--- What you will do ---
Lines from the one containing "Wheat field silhouette" through the last line of the data below are to be returned exactly; leave out the rest.

--- Task data ---
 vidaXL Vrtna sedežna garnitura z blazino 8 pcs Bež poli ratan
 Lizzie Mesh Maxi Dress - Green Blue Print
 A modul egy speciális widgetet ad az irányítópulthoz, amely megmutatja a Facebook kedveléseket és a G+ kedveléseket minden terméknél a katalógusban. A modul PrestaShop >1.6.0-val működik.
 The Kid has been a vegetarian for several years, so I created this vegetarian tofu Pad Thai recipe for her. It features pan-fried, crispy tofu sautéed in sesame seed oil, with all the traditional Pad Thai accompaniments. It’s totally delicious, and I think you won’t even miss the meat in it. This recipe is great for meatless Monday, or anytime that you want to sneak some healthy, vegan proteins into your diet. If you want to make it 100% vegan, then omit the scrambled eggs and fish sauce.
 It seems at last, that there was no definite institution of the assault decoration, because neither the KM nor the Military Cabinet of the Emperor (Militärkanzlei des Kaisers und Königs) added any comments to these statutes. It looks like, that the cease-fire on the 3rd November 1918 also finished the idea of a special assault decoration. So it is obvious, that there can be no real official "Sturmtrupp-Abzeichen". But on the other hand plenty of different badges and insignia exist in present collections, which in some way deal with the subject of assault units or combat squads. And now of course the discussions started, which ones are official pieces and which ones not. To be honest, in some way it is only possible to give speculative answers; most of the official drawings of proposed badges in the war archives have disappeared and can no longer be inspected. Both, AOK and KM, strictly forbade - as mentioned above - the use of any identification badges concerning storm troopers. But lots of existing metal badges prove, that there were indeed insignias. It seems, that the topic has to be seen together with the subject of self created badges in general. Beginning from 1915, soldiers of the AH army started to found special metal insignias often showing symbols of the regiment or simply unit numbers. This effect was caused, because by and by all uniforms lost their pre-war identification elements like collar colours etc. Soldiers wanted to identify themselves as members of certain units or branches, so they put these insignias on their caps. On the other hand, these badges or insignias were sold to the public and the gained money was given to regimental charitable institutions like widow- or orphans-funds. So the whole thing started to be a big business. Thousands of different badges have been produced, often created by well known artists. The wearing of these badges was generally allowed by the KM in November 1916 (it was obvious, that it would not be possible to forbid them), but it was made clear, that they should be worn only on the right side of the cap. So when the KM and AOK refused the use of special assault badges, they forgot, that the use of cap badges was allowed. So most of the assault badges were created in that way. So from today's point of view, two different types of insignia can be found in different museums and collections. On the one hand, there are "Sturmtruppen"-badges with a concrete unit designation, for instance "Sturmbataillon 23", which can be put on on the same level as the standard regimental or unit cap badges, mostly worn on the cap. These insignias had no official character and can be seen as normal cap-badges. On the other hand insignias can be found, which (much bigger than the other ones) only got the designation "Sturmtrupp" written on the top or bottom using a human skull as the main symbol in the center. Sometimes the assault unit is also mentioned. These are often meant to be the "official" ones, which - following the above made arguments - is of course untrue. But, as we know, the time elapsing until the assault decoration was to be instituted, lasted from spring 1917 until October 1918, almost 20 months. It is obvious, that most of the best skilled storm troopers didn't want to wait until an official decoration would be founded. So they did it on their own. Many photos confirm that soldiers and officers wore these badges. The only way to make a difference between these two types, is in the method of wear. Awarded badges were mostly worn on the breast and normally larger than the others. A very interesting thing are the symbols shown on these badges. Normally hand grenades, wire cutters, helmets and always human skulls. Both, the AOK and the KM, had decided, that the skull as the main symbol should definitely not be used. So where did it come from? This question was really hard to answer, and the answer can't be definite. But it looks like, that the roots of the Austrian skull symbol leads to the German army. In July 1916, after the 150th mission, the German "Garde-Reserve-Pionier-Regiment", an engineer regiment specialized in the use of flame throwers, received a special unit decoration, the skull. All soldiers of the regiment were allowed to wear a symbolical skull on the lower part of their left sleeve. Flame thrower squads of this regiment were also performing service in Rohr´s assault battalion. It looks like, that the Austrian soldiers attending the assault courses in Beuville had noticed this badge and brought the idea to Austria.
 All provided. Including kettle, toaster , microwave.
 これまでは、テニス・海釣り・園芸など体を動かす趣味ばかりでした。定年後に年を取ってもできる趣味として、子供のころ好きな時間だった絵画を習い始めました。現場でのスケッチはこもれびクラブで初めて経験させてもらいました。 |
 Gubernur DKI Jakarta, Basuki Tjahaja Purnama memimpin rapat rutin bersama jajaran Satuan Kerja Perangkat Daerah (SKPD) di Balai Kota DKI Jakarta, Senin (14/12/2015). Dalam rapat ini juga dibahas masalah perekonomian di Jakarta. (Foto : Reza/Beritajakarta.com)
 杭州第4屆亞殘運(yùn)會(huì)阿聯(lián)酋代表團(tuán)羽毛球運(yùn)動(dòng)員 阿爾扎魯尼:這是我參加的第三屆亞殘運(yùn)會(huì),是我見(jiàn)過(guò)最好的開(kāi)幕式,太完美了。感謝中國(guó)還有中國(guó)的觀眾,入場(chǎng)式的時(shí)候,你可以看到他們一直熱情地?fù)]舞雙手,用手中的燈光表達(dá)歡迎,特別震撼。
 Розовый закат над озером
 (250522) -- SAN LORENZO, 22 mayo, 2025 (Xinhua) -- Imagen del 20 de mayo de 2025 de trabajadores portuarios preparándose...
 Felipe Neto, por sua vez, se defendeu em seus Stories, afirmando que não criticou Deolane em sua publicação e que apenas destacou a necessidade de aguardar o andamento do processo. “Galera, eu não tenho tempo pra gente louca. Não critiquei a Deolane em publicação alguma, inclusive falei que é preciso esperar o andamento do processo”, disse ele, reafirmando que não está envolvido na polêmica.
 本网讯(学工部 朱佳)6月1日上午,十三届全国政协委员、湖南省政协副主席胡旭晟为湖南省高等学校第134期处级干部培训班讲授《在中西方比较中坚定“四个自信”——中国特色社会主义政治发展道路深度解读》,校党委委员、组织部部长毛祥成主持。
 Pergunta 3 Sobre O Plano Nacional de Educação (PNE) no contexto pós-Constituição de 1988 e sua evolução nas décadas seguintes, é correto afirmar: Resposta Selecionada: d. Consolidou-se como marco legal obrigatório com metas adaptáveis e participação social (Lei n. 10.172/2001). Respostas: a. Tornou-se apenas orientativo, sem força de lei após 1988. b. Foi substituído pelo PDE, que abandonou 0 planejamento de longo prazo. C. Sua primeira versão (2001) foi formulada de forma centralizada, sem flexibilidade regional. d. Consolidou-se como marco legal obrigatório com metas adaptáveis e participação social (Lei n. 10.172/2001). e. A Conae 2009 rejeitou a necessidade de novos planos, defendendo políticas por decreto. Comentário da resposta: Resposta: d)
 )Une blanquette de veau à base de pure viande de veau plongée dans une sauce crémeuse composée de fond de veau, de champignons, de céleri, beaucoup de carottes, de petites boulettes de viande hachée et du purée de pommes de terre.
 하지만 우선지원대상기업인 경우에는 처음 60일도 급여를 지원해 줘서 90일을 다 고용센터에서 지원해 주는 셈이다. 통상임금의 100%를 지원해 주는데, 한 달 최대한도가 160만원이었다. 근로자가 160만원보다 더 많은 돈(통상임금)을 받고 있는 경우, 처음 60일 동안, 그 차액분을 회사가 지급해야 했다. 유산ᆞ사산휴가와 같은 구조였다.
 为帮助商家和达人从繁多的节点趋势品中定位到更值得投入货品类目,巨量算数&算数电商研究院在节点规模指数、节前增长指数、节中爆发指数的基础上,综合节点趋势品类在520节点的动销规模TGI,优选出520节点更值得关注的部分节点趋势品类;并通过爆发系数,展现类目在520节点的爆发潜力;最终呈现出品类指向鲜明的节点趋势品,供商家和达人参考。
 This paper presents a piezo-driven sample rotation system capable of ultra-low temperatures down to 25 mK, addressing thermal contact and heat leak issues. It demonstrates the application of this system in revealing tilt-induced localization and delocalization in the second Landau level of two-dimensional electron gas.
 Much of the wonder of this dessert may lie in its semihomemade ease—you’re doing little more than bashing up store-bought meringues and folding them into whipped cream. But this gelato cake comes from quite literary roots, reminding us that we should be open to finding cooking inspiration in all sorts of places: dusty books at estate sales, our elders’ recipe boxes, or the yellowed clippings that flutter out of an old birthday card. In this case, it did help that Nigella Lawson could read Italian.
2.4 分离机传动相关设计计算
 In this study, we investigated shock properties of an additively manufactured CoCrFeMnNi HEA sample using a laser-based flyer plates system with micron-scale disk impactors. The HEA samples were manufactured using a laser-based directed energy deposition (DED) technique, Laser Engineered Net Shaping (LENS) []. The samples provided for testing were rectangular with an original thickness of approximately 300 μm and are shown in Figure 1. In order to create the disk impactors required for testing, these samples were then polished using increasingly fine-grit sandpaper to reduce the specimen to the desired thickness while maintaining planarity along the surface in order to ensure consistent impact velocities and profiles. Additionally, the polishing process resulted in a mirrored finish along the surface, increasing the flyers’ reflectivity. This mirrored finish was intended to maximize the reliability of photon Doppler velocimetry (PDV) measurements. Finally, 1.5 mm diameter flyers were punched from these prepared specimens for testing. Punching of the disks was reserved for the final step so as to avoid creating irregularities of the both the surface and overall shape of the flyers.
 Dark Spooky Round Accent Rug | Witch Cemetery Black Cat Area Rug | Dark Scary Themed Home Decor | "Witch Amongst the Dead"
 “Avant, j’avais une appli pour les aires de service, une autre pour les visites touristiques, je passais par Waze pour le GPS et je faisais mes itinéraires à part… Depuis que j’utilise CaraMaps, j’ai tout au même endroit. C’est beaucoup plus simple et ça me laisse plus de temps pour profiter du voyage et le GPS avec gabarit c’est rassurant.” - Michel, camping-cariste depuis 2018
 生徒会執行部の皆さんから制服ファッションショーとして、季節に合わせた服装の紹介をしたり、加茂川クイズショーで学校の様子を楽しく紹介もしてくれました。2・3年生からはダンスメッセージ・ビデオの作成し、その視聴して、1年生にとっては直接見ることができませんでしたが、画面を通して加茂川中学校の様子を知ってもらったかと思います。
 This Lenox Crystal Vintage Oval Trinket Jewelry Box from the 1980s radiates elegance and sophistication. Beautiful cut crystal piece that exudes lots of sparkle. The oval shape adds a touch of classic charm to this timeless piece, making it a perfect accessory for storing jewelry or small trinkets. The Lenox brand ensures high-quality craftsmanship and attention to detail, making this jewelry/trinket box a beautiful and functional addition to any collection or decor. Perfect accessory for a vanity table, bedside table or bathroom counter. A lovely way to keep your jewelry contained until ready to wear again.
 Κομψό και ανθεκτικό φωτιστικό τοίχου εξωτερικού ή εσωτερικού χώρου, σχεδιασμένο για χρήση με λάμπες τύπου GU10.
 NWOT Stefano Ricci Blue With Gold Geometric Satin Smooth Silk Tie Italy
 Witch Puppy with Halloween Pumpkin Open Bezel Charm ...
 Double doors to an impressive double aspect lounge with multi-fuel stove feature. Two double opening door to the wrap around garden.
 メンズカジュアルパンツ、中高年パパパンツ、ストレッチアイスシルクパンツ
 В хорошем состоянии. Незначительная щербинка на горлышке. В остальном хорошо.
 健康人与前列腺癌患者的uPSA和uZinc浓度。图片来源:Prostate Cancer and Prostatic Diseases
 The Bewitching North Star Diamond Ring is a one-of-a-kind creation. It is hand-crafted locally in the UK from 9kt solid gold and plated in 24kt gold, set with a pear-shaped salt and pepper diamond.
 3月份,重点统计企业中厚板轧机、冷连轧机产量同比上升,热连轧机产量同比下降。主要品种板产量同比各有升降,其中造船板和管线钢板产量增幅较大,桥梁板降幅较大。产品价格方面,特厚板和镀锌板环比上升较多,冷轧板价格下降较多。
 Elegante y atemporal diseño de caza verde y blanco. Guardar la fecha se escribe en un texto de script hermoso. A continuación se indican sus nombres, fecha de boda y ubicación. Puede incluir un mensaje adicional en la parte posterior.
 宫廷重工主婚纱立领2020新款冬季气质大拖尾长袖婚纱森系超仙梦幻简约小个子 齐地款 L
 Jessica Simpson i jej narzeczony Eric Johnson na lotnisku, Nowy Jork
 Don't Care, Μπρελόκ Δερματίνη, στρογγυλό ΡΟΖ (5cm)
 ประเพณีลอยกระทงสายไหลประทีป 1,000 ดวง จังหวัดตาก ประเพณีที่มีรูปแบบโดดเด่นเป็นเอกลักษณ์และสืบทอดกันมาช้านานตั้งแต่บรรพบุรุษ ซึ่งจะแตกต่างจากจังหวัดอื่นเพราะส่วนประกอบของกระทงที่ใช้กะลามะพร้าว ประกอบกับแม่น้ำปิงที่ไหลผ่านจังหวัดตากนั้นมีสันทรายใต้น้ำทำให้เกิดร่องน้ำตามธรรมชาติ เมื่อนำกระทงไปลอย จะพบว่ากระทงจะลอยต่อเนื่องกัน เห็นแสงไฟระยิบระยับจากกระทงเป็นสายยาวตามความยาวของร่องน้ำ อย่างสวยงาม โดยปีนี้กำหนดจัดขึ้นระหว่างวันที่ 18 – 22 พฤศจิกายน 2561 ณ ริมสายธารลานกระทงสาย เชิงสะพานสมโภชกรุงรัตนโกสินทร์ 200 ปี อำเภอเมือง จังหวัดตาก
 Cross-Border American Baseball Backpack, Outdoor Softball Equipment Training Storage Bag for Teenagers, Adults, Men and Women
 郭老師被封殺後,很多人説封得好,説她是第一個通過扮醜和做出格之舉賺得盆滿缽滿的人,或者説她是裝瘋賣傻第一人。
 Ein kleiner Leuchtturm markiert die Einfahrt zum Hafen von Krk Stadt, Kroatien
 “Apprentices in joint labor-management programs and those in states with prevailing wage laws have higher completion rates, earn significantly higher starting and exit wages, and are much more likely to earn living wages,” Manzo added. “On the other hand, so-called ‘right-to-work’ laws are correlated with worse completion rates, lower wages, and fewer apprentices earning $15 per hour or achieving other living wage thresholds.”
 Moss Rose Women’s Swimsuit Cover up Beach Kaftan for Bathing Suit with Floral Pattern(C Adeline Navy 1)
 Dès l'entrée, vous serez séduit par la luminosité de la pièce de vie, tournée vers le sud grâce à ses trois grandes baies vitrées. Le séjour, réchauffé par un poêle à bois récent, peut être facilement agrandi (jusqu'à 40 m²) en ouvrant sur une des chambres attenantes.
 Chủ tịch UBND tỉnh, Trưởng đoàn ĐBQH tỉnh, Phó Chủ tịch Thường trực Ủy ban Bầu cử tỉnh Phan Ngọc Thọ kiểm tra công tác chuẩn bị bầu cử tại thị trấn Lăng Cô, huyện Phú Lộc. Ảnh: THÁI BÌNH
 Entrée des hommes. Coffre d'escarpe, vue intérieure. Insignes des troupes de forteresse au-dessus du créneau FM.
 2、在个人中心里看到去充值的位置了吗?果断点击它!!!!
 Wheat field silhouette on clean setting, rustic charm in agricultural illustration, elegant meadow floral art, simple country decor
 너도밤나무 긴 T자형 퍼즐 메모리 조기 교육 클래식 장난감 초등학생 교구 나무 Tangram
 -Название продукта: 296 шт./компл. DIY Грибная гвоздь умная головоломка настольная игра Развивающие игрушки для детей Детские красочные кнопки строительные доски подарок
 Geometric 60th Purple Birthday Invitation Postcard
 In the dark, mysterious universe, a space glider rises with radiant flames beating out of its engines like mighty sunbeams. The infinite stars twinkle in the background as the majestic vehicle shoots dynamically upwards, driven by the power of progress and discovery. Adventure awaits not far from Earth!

--- The completed task ---
 Wheat field silhouette on clean setting, rustic charm in agricultural illustration, elegant meadow floral art, simple country decor
 너도밤나무 긴 T자형 퍼즐 메모리 조기 교육 클래식 장난감 초등학생 교구 나무 Tangram
 -Название продукта: 296 шт./компл. DIY Грибная гвоздь умная головоломка настольная игра Развивающие игрушки для детей Детские красочные кнопки строительные доски подарок
 Geometric 60th Purple Birthday Invitation Postcard
 In the dark, mysterious universe, a space glider rises with radiant flames beating out of its engines like mighty sunbeams. The infinite stars twinkle in the background as the majestic vehicle shoots dynamically upwards, driven by the power of progress and discovery. Adventure awaits not far from Earth!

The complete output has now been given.